───── PROVIDED DATA ─────
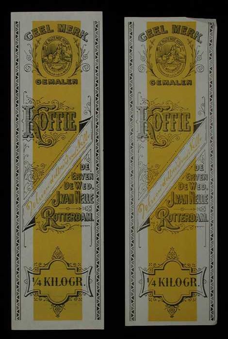 Twee wit en gele, papieren labels VAN NELLE GEELMERK...
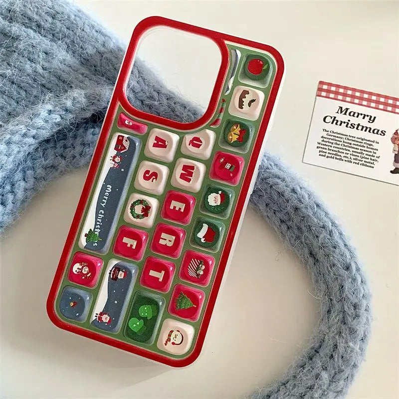 Yeknu Cartoon Santa Claus Bell Christmas Tree Case Compatible for IPhone 16 13 11 15 12 14 Pro Max 16 12 15 13 Pro 3D Keyboard Cover
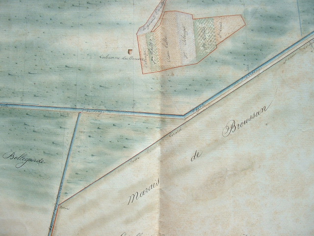 Plan manuscrit aquarellé du marais de Broussan (Gard).
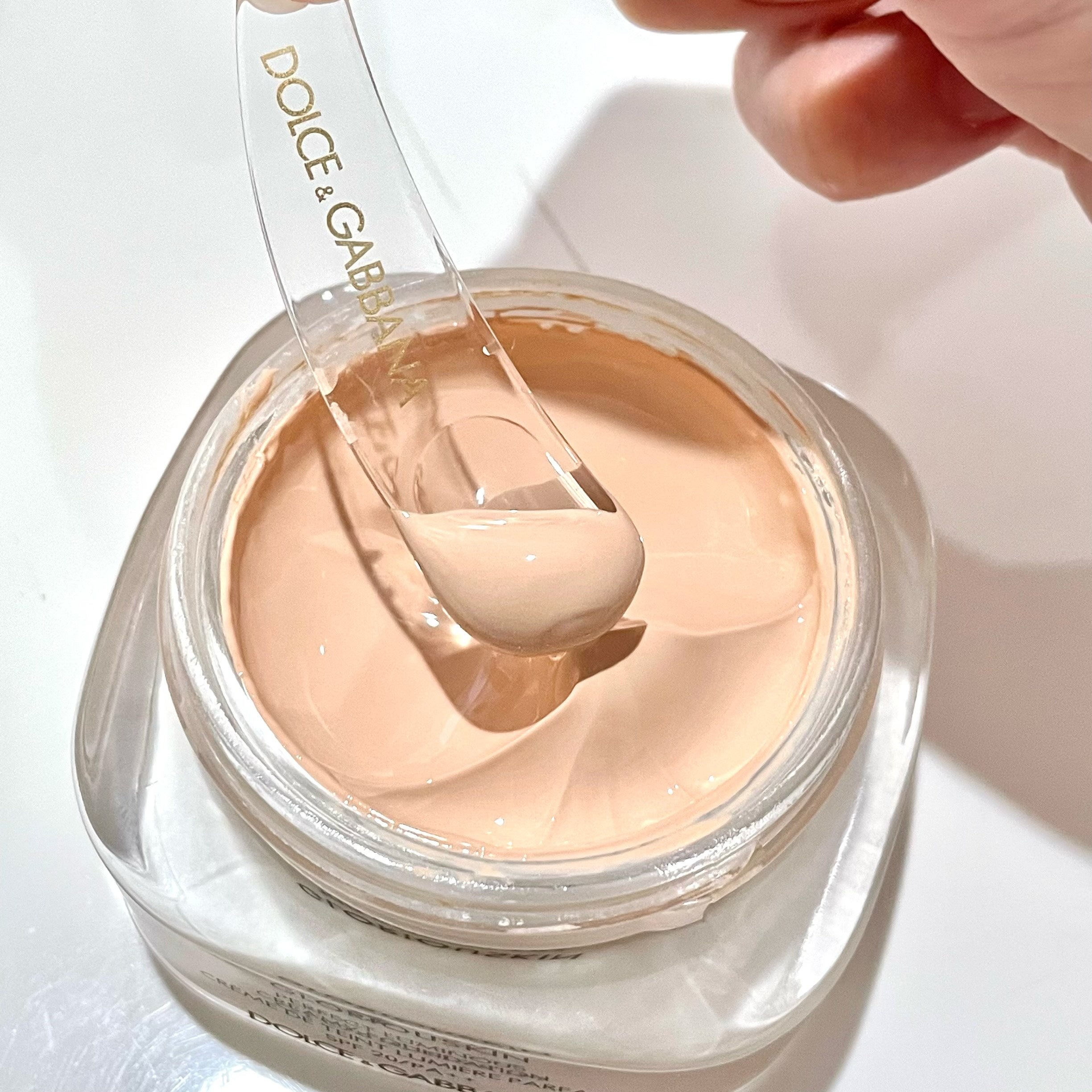 まずは、ドルガバコスメの中でも、1番リッチなクリームファンデーション「グロリアスキン パーフェクトルミナス クリーミーファンデーション」。見た目のゴージャスさ、重厚感には誰もが心を奪われる事でしょう。中身の優秀さはもちろん、一度使えば虜になる事間違いないファンデーションです。
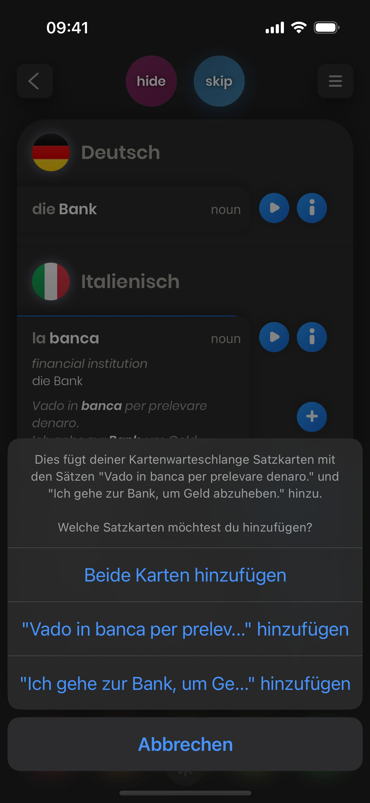 Wenn du auf einen Beispielsatz stößt, den du gezielt üben möchtest, kannst du ihn als eigene Lernkarte hinzufügen. Tippe dazu rechts neben dem Beispielsatz auf die (+)-Taste.
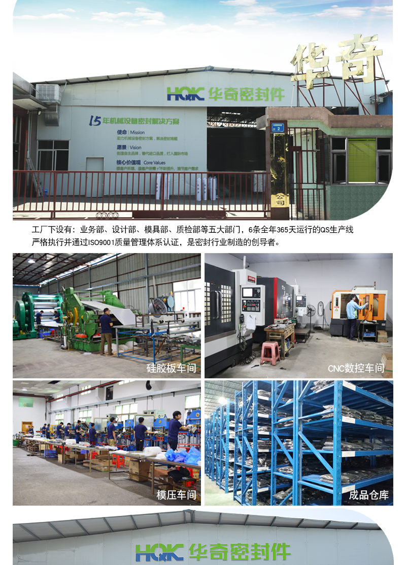 東莞市華奇密封件有限公司成立于2006年,位于廣東省東莞市石碣鎮(zhèn),占地面積10000平方米,公司員工150余人,是廣東省集橡膠硅膠硫化、橡膠擠出、硅膠擠出一體化生產(chǎn)的新型企業(yè)。 本公司主營(yíng)產(chǎn)品有:大型盾構(gòu)機(jī)密封圈,充氣密封圈,烤箱密封圈,密封條,真空吸盤(pán),密封圈O型圈,密封圈護(hù)線(xiàn)圈,金屬包膠等非標(biāo)定制硅橡膠制品。 東莞市華奇密封件有限公司材料庫(kù)擁有超過(guò)數(shù)百種獨(dú)特的配方,并擁有在嚴(yán)苛環(huán)境下,如極端溫度、介質(zhì)侵蝕、超高壓力時(shí)也具有優(yōu)良的密封材料。高性能橡膠、硅膠原材料、全自動(dòng)生產(chǎn)設(shè)備及先進(jìn)的檢驗(yàn)設(shè)備,為制造高質(zhì)量的橡膠零件提供了強(qiáng)有力的保障。公司采用先進(jìn)的管理理念,引進(jìn)精良的工藝裝備和高素質(zhì)的員工隊(duì)伍,在多年的工作過(guò)程中,把嚴(yán)格的品質(zhì)落實(shí)在生產(chǎn)流程的每一個(gè)細(xì)節(jié)中,嚴(yán)格執(zhí)行行業(yè)標(biāo)準(zhǔn),規(guī)范操作,用科學(xué)嚴(yán)謹(jǐn)?shù)墓ぷ鲬B(tài)度確保華奇每一件產(chǎn)品精準(zhǔn)可靠。產(chǎn)品暢銷(xiāo)全國(guó)近三十多個(gè)省、市自治區(qū)及遠(yuǎn)銷(xiāo)國(guó)外。竭誠(chéng)與國(guó)內(nèi)外商家雙贏(yíng)合作,共同發(fā)展,共創(chuàng)輝煌!
─────
Leave every picture out and output the records exactly.

#### [TASK ANSWER]
 Twee wit en gele, papieren labels VAN NELLE GEELMERK...
 Yeknu Cartoon Santa Claus Bell Christmas Tree Case Compatible for IPhone 16 13 11 15 12 14 Pro Max 16 12 15 13 Pro 3D Keyboard Cover
 Plan manuscrit aquarellé du marais de Broussan (Gard).
 まずは、ドルガバコスメの中でも、1番リッチなクリームファンデーション「グロリアスキン パーフェクトルミナス クリーミーファンデーション」。見た目のゴージャスさ、重厚感には誰もが心を奪われる事でしょう。中身の優秀さはもちろん、一度使えば虜になる事間違いないファンデーションです。
 Wenn du auf einen Beispielsatz stößt, den du gezielt üben möchtest, kannst du ihn als eigene Lernkarte hinzufügen. Tippe dazu rechts neben dem Beispielsatz auf die (+)-Taste.
 東莞市華奇密封件有限公司成立于2006年,位于廣東省東莞市石碣鎮(zhèn),占地面積10000平方米,公司員工150余人,是廣東省集橡膠硅膠硫化、橡膠擠出、硅膠擠出一體化生產(chǎn)的新型企業(yè)。 本公司主營(yíng)產(chǎn)品有:大型盾構(gòu)機(jī)密封圈,充氣密封圈,烤箱密封圈,密封條,真空吸盤(pán),密封圈O型圈,密封圈護(hù)線(xiàn)圈,金屬包膠等非標(biāo)定制硅橡膠制品。 東莞市華奇密封件有限公司材料庫(kù)擁有超過(guò)數(shù)百種獨(dú)特的配方,并擁有在嚴(yán)苛環(huán)境下,如極端溫度、介質(zhì)侵蝕、超高壓力時(shí)也具有優(yōu)良的密封材料。高性能橡膠、硅膠原材料、全自動(dòng)生產(chǎn)設(shè)備及先進(jìn)的檢驗(yàn)設(shè)備,為制造高質(zhì)量的橡膠零件提供了強(qiáng)有力的保障。公司采用先進(jìn)的管理理念,引進(jìn)精良的工藝裝備和高素質(zhì)的員工隊(duì)伍,在多年的工作過(guò)程中,把嚴(yán)格的品質(zhì)落實(shí)在生產(chǎn)流程的每一個(gè)細(xì)節(jié)中,嚴(yán)格執(zhí)行行業(yè)標(biāo)準(zhǔn),規(guī)范操作,用科學(xué)嚴(yán)謹(jǐn)?shù)墓ぷ鲬B(tài)度確保華奇每一件產(chǎn)品精準(zhǔn)可靠。產(chǎn)品暢銷(xiāo)全國(guó)近三十多個(gè)省、市自治區(qū)及遠(yuǎn)銷(xiāo)國(guó)外。竭誠(chéng)與國(guó)內(nèi)外商家雙贏(yíng)合作,共同發(fā)展,共創(chuàng)輝煌!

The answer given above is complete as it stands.